> _Records contained in a dataset_
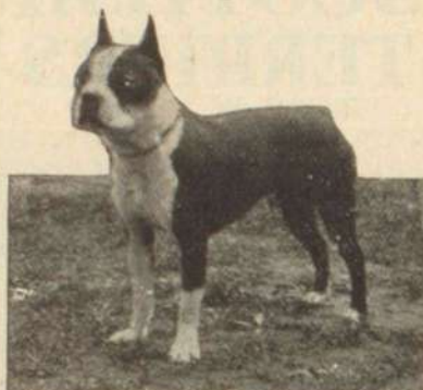
Ch. The Burglar Dee Cee

A Consistent Winner—A Great Producer Also the Coming Champion
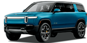
Rivian R1S $74,900 260-390 miles
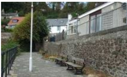
The neglected West Sands seating area
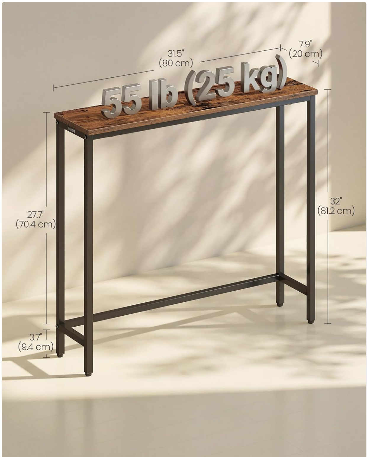
Image: A detailed diagram illustrating the dimensions of the console table, including height, width, and depth, along with its weight capacity.

> _ASSIGNMENT_
Only the text of the records belongs in your answer, repeated exactly; the pictures stay out.

> _RESULT OF THIS EXERCISE_
Ch. The Burglar Dee Cee

A Consistent Winner—A Great Producer Also the Coming Champion
Rivian R1S $74,900 260-390 miles
The neglected West Sands seating area
Image: A detailed diagram illustrating the dimensions of the console table, including height, width, and depth, along with its weight capacity.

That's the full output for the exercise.